» Exercise materials:
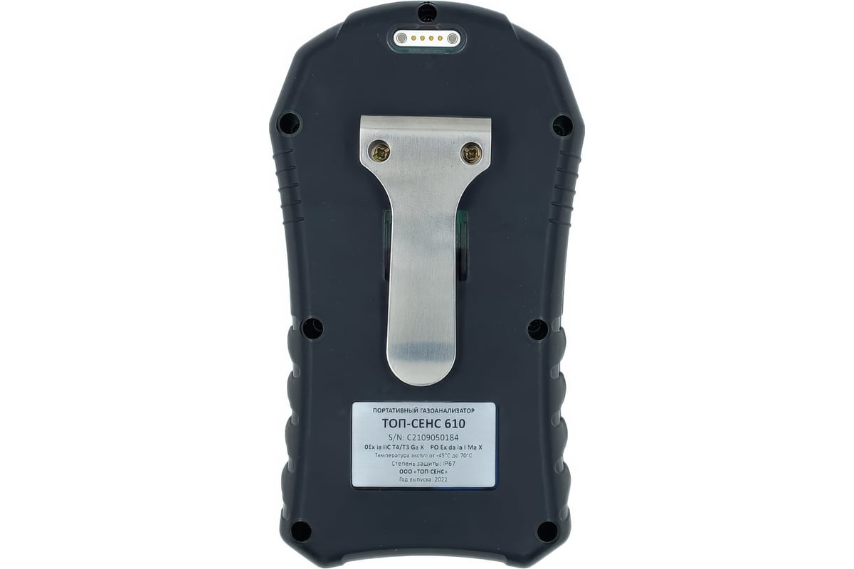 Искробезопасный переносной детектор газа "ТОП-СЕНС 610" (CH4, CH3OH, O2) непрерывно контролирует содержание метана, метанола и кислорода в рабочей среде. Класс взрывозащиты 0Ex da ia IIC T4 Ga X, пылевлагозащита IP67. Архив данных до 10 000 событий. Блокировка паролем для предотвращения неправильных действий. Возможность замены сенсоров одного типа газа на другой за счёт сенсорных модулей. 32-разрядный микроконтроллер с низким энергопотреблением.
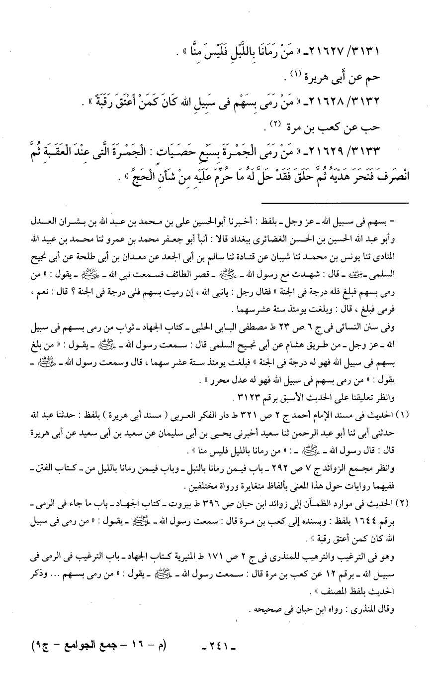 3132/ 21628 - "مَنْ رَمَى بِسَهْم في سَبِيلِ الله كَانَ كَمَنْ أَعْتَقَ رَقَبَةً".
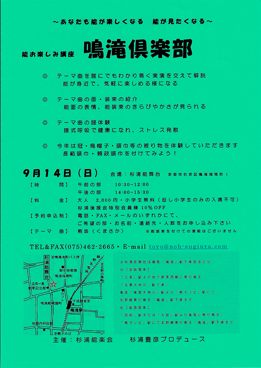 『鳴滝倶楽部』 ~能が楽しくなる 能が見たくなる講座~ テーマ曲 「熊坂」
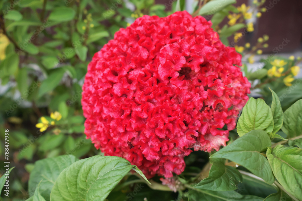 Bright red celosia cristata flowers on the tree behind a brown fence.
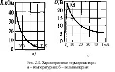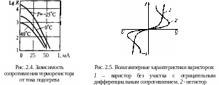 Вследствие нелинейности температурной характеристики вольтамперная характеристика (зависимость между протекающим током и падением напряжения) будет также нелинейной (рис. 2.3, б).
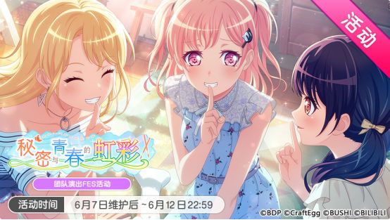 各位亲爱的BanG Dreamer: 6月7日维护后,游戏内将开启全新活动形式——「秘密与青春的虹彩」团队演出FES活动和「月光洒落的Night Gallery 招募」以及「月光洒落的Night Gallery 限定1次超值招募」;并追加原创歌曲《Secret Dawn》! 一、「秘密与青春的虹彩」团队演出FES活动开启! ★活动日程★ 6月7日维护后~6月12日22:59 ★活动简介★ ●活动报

* * *

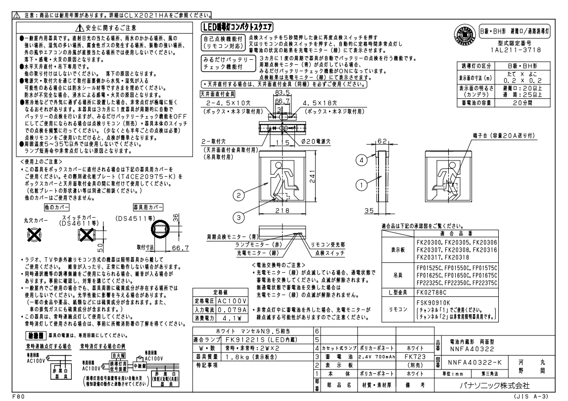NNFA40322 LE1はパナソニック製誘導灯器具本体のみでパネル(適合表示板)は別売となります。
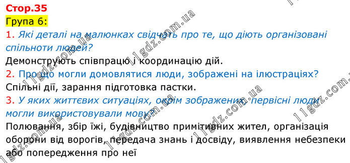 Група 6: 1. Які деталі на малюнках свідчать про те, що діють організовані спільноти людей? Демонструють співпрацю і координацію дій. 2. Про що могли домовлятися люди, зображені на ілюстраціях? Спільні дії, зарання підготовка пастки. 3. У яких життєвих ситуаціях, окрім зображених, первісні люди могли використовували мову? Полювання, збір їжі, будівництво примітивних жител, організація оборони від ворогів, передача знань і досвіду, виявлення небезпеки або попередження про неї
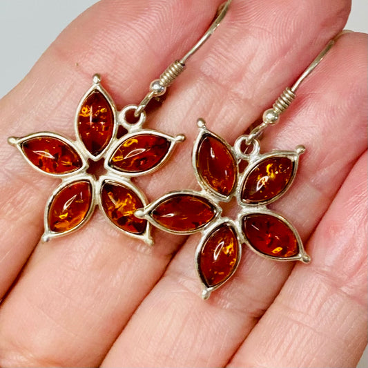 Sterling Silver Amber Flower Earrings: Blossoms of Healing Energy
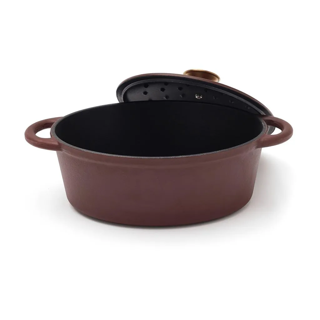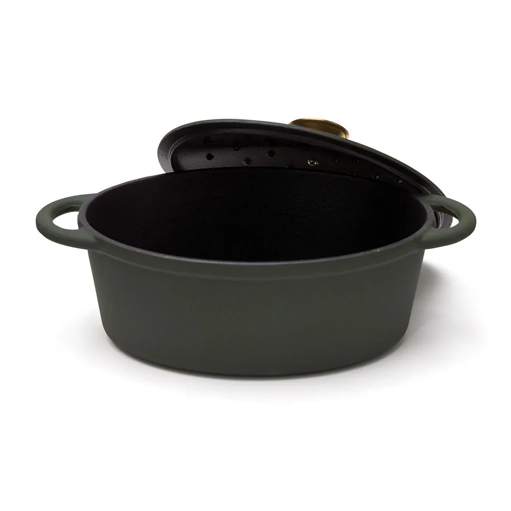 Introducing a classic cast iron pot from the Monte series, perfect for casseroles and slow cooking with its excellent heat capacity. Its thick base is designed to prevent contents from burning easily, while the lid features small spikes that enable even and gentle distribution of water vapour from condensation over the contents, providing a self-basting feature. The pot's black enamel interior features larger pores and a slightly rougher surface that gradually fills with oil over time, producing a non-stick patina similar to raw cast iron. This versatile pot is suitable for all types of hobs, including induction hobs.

» Aim of the exercise: Nothing except the lines from the one containing "NNFA40322 LE1は" through the one containing "Sterling Silver Amber" should appear in the answer, exactly as above and without pictures.

» Output for this exercise:
NNFA40322 LE1はパナソニック製誘導灯器具本体のみでパネル(適合表示板)は別売となります。
 Група 6: 1. Які деталі на малюнках свідчать про те, що діють організовані спільноти людей? Демонструють співпрацю і координацію дій. 2. Про що могли домовлятися люди, зображені на ілюстраціях? Спільні дії, зарання підготовка пастки. 3. У яких життєвих ситуаціях, окрім зображених, первісні люди могли використовували мову? Полювання, збір їжі, будівництво примітивних жител, організація оборони від ворогів, передача знань і досвіду, виявлення небезпеки або попередження про неї
 Sterling Silver Amber Flower Earrings: Blossoms of Healing Energy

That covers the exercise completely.